¹⁶ Medical Oncology Unit 1, IRCCS-Ospedale Policlinico San Martino, Genoa.
¹⁷ Clinical and Epidemiological Research Unit, University Hospital of Parma, Parma.
¹⁸ Department of Clinical Epidemiology, IRCSS Ospedale Policlinico San Martino, Genoa, Italy.

PMID: 38423389
DOI: 10.1016/j.annonc.2024.02.007

Abstract

Background: ¹⁸F-fluoroestradiol (FES) positron emission tomography (PET)/computed tomography (CT) is considered an accurate diagnostic tool to determine whole-body endocrine responsiveness. In the endocrine therapy (ET)-FES trial, we evaluated ¹⁸F-FES PET/CT as a predictive tool in estrogen receptor-positive (ER+)/human epidermal growth factor receptor 2-negative (HER2-) metastatic breast cancer (MBC).

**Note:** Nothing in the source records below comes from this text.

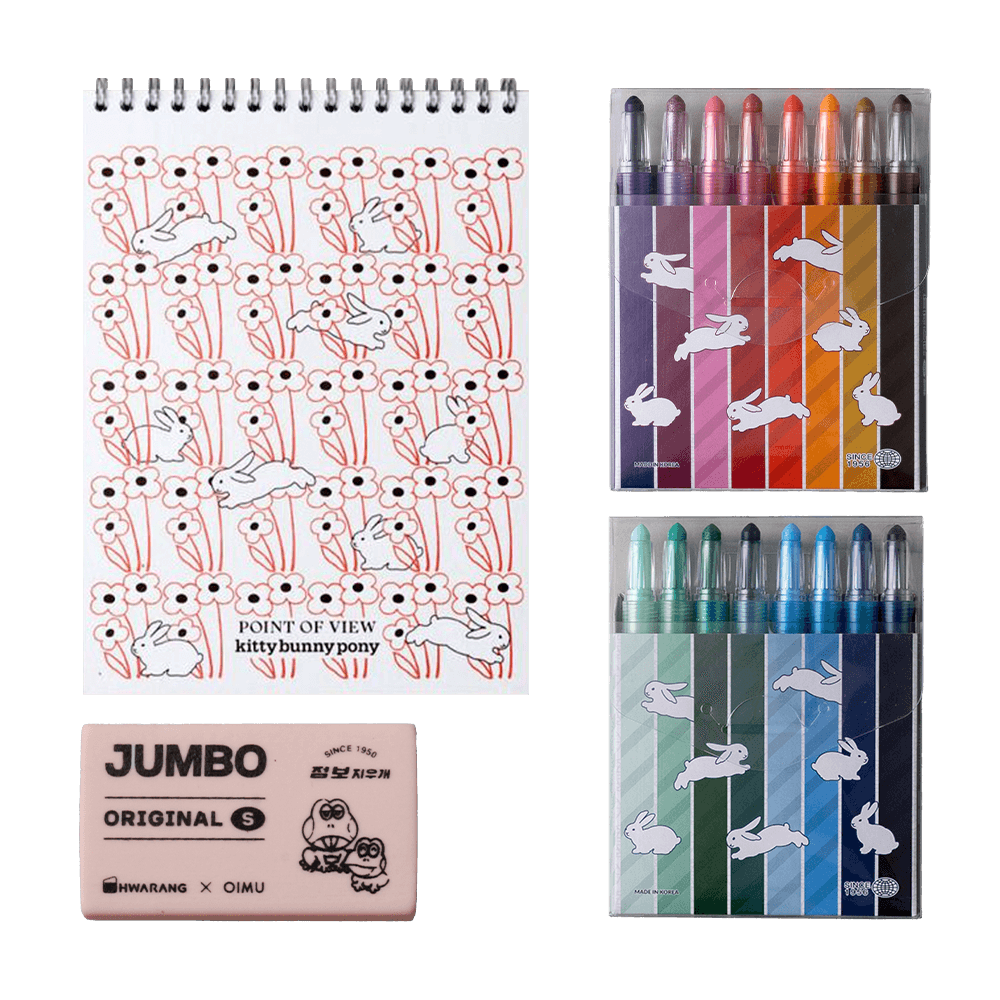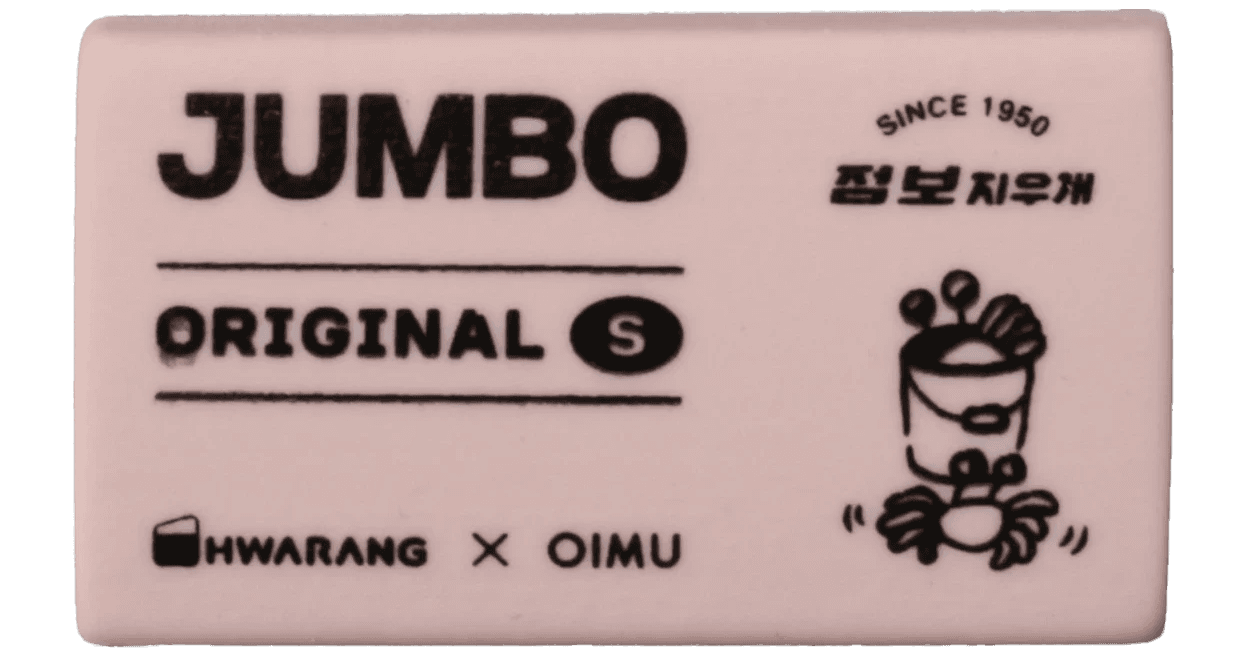 화랑고무의 디자인 유산을 오이뮤의 시선으로 재해석한 점보 오리지널 지우개요. 각기 다른 일러스트를 구경하는 것도 즐거워요.
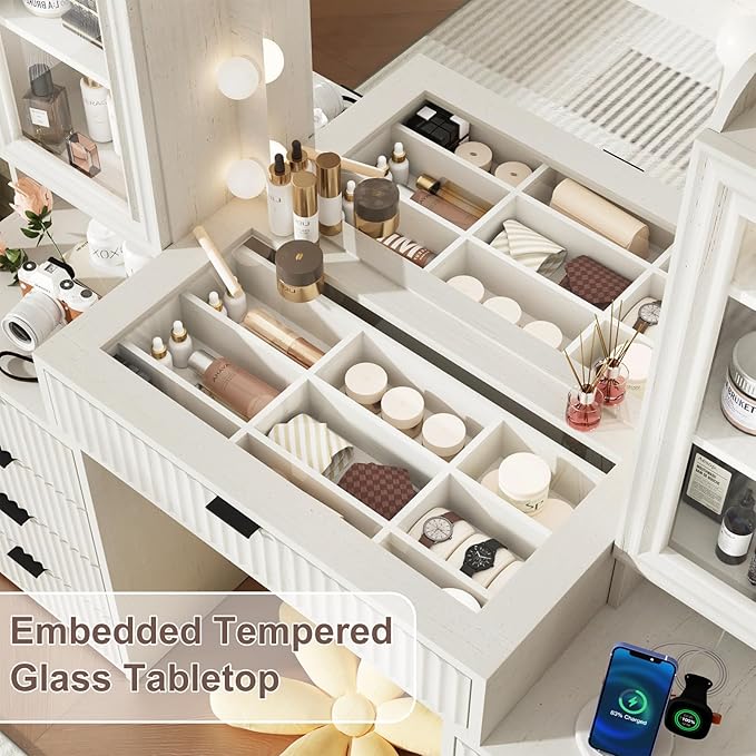 55" Fluted Makeup Vanity Desk with Large Mirror and Lights, Modern Glass Top Big Vanity Table with 9 Drawers & Open Storage Shelves, Dressing Table w/Charging Station for Bedroom, White
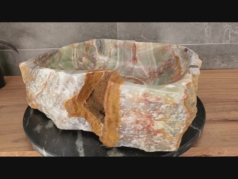 Bring warm, organic character into your bathroom with this handcrafted onyx stone vessel sink. Sculpted with a live edge finish and polished stone bowl, this one-of-a-kind piece features a distinctly rustic yet refined presence. The natural variation in lines, colors, and textures make each Felipe & Grace AquaVessel Sink unique.
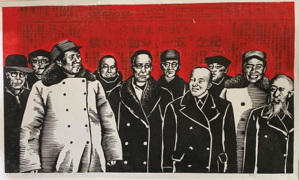 朝晨《“五一”口号之忆》版画 60x35cm 2018

Patients and methods: Eligible patients underwent an ¹⁸F-FES PET/CT at baseline. Patients with standardized uptake value (SUV) ≥ 2 received single-agent ET until progressive disease; patients with SUV < 2 were randomized to single-agent ET (arm A) or chemotherapy (ChT) (arm B). The primary objective was to compare the activity of first-line ET versus ChT in patients with ¹⁸F-FES SUV < 2.

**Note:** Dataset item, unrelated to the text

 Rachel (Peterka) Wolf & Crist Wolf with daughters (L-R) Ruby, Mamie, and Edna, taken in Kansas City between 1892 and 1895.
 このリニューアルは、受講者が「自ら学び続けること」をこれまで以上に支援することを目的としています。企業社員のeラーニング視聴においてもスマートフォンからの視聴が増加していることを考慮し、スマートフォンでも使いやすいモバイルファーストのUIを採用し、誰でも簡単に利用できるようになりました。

Results: Overall, 147 patients were enrolled; 117 presented with ¹⁸F-FES SUV ≥ 2 and received ET; 30 patients with SUV < 2 were randomized to ET or ChT. After a median follow-up of 62.4 months, 104 patients (73.2%) had disease progression and 53 died (37.3%). Median progression-free survival (PFS) was 12.4 months [95% confidence interval (CI) 3.1-59.6 months] in patients with SUV < 2 randomized to arm A versus 23.0 months (95% CI 7.7-30.0 months) in arm B, [hazard (HR) = 0.71, 95% CI 0.3-1.7 months]; median PFS was 18.0 months (95% CI 11.2-23.1 months) in patients with SUV ≥ 2 treated with ET. Median overall survival (OS) was 28.2 months (95% CI 14.2 months-not estimable) in patients with SUV < 2 randomized to ET (arm A) versus 52.8 months (95% CI 16.2 months-not estimable) in arm B (ChT). Median OS was not reached in patients with SUV ≥ 2. 60-month OS rate was 41.6% (95% CI 10.4% to 71.1%) in arm A, 42.0% (95% CI 14.0% to 68.2%) in arm B, and 59.6% (95% CI 48.6% to 69.0%) in patients with SUV ≥ 2. In patients with SUV ≥ 2, 60-month OS rate was 72.6% if treated with aromatase inhibitors (AIs) versus 40.6% in case of fulvestrant or tamoxifen (P < 0.005).

Conclusions: The ET-FES trial demonstrated that ER+/HER2- MBC patients are a heterogeneous population, with different levels of endocrine responsiveness based on ¹⁸F-FES CT/PET SUV.

Keywords: (18)F-fluoroestradiol PET/CT; endocrine sensitivity; molecular imaging; randomized clinical trial; standardized uptake value (SUV).